- _Material for this exercise_:
****************************************

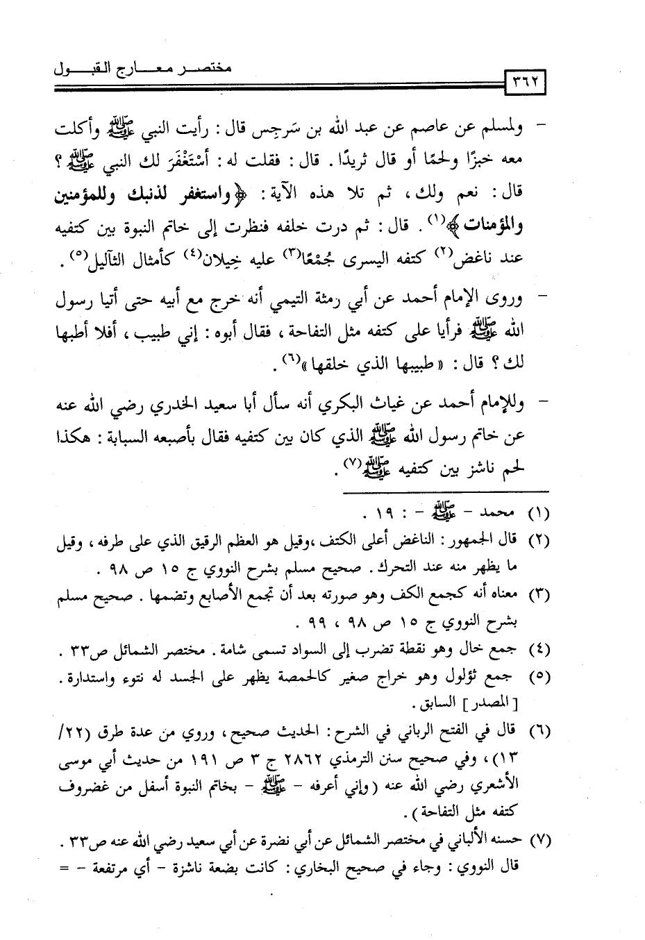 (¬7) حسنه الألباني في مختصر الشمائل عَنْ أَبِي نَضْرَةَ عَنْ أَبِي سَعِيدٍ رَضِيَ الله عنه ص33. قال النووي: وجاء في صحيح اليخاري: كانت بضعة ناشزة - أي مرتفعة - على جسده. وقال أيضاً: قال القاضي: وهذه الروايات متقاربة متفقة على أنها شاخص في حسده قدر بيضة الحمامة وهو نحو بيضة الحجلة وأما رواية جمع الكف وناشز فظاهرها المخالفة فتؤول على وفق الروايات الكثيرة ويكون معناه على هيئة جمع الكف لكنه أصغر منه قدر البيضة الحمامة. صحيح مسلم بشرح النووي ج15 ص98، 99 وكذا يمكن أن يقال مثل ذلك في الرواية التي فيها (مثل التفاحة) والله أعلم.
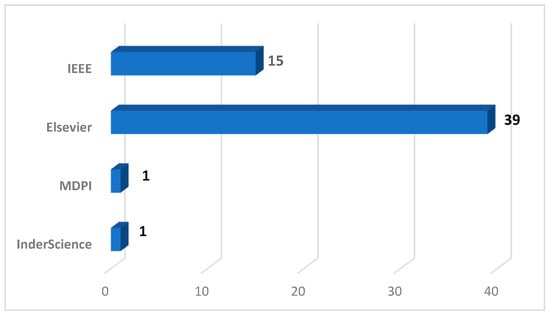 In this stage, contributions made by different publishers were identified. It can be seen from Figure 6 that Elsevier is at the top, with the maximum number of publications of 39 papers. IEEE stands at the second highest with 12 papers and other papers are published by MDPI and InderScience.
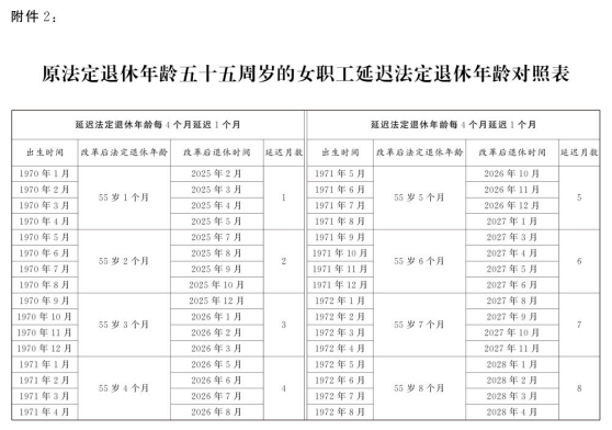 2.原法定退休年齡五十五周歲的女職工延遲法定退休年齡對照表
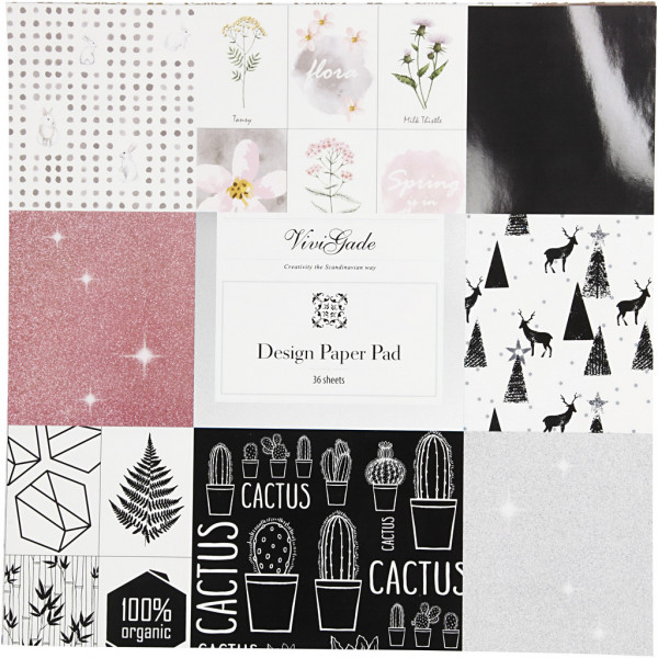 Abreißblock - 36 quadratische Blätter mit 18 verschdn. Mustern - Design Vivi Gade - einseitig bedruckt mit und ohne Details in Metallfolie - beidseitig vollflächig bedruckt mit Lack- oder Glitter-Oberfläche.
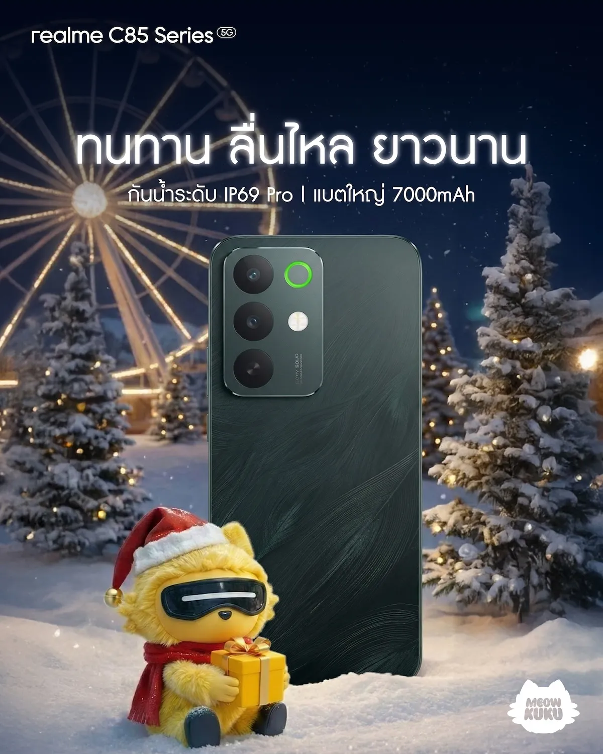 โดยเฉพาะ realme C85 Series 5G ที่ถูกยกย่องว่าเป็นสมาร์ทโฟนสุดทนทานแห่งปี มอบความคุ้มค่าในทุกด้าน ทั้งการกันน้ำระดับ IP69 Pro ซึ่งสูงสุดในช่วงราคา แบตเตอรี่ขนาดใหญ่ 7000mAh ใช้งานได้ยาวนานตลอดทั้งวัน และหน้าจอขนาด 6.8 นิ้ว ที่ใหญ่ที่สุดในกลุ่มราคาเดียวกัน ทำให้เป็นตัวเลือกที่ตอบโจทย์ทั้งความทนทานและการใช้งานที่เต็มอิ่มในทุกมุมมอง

****************************************

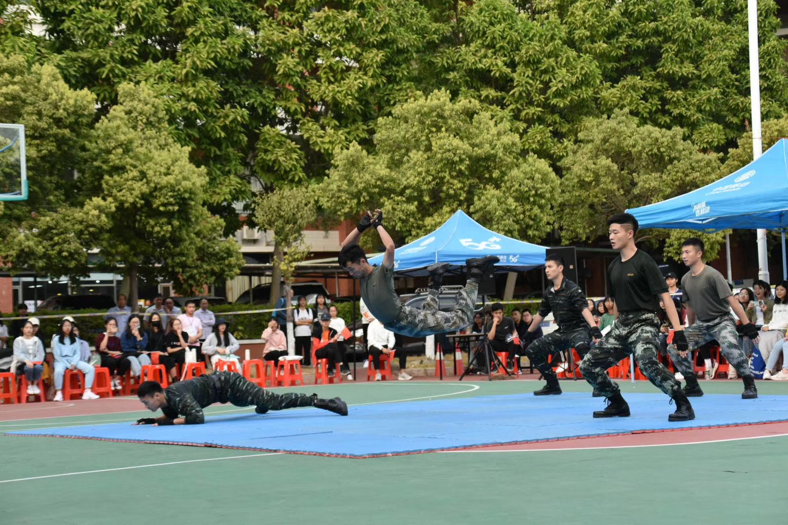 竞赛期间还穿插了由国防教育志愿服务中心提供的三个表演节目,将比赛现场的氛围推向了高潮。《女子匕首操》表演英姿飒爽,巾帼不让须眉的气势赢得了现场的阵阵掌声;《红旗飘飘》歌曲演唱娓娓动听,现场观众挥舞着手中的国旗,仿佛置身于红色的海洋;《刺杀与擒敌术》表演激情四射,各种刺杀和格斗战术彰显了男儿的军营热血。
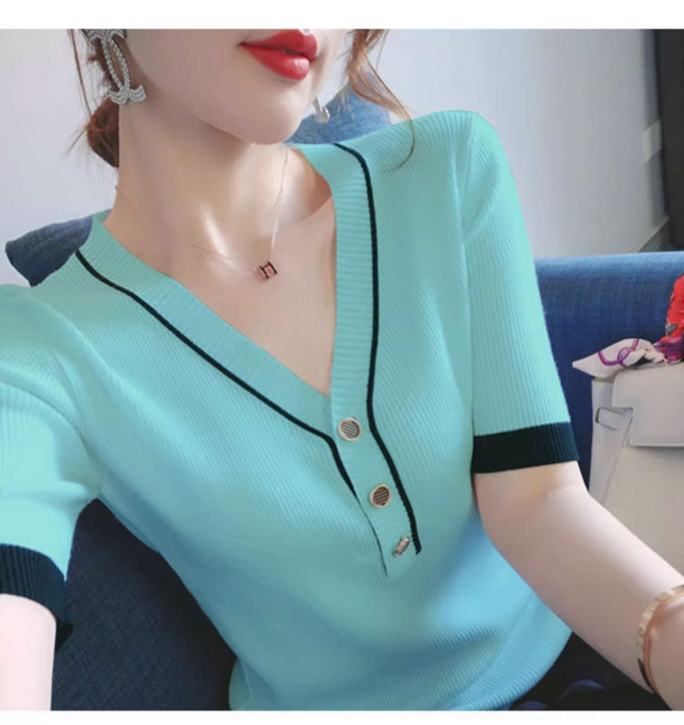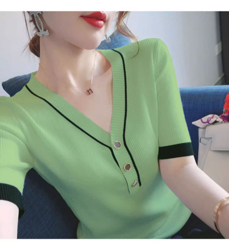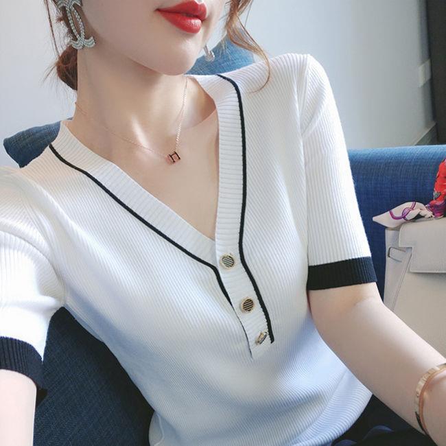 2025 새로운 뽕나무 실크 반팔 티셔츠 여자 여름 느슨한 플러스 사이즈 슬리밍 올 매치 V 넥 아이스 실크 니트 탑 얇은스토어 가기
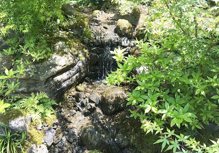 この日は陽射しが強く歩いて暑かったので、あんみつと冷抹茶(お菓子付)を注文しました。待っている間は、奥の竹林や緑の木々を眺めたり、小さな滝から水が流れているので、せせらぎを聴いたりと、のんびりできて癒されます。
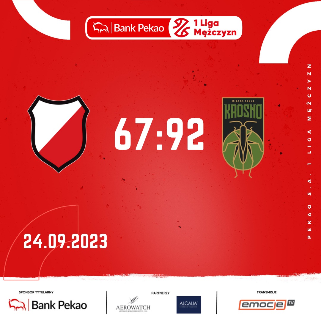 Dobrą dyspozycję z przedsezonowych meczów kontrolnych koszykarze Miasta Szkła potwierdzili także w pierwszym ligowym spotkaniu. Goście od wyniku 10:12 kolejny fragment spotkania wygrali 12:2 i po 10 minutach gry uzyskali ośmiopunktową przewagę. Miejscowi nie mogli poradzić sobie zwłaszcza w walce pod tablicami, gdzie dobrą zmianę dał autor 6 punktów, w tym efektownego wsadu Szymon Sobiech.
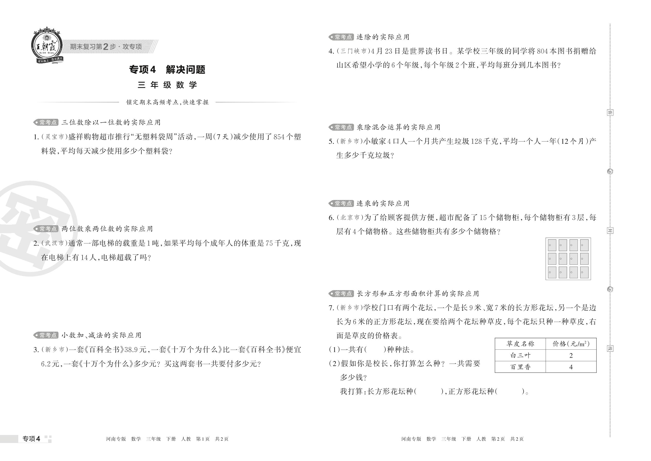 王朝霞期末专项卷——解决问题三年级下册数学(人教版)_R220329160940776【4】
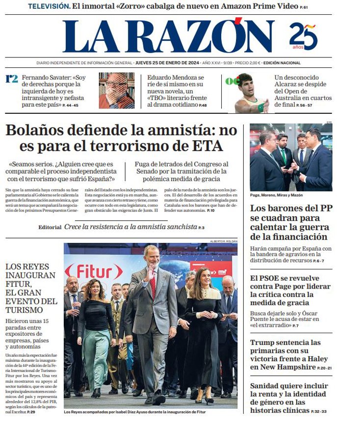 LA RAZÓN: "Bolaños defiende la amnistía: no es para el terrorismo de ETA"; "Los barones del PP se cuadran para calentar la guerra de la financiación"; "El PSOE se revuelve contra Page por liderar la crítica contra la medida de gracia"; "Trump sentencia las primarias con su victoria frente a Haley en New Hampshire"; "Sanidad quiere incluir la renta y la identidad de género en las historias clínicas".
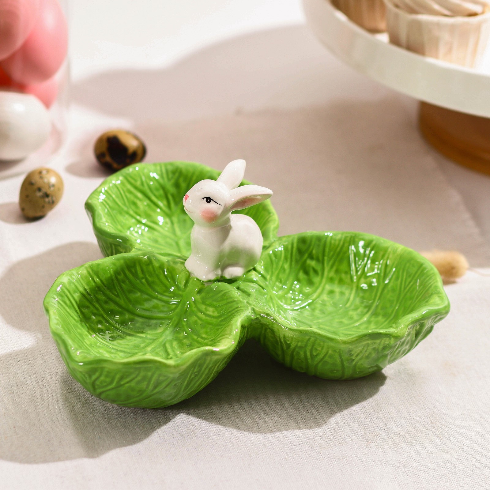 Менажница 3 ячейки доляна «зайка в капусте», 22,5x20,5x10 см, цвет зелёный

****************************************

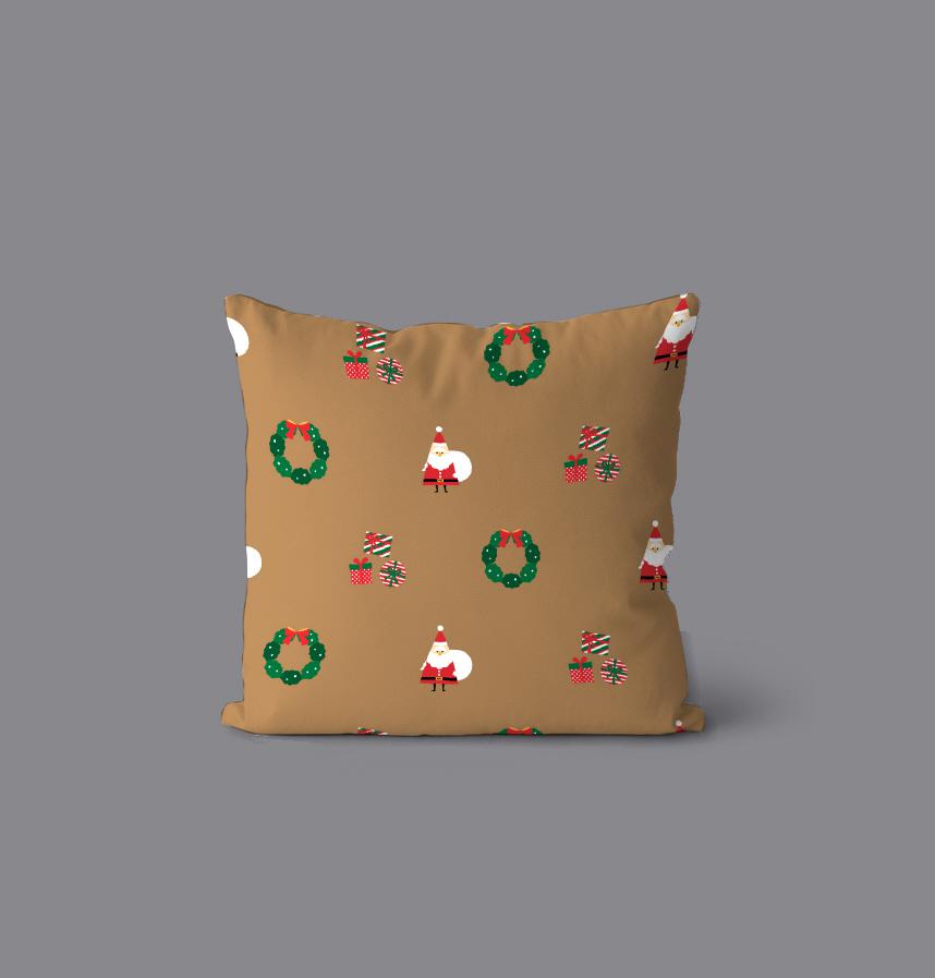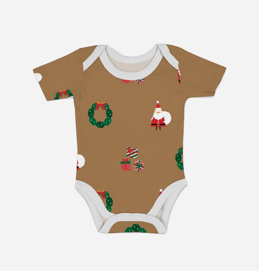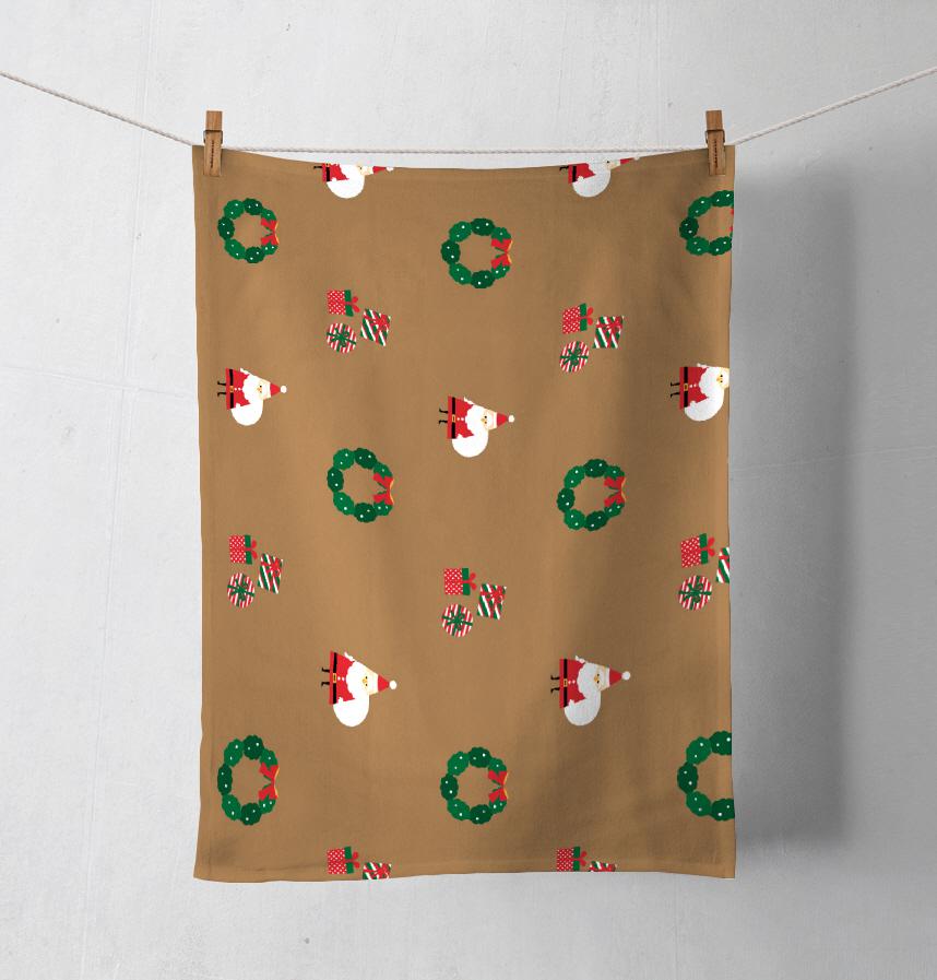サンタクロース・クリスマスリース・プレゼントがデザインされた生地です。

****************************************

- _Instructions to follow_:
Take the material above from the line bearing "(¬7) حسنه الألباني" through the line bearing "Abreißblock - 36" and write it out exactly, both end lines included. Pictures stay out.

- _The answer_:
 (¬7) حسنه الألباني في مختصر الشمائل عَنْ أَبِي نَضْرَةَ عَنْ أَبِي سَعِيدٍ رَضِيَ الله عنه ص33. قال النووي: وجاء في صحيح اليخاري: كانت بضعة ناشزة - أي مرتفعة - على جسده. وقال أيضاً: قال القاضي: وهذه الروايات متقاربة متفقة على أنها شاخص في حسده قدر بيضة الحمامة وهو نحو بيضة الحجلة وأما رواية جمع الكف وناشز فظاهرها المخالفة فتؤول على وفق الروايات الكثيرة ويكون معناه على هيئة جمع الكف لكنه أصغر منه قدر البيضة الحمامة. صحيح مسلم بشرح النووي ج15 ص98، 99 وكذا يمكن أن يقال مثل ذلك في الرواية التي فيها (مثل التفاحة) والله أعلم.
 In this stage, contributions made by different publishers were identified. It can be seen from Figure 6 that Elsevier is at the top, with the maximum number of publications of 39 papers. IEEE stands at the second highest with 12 papers and other papers are published by MDPI and InderScience.
 2.原法定退休年齡五十五周歲的女職工延遲法定退休年齡對照表
 Abreißblock - 36 quadratische Blätter mit 18 verschdn. Mustern - Design Vivi Gade - einseitig bedruckt mit und ohne Details in Metallfolie - beidseitig vollflächig bedruckt mit Lack- oder Glitter-Oberfläche.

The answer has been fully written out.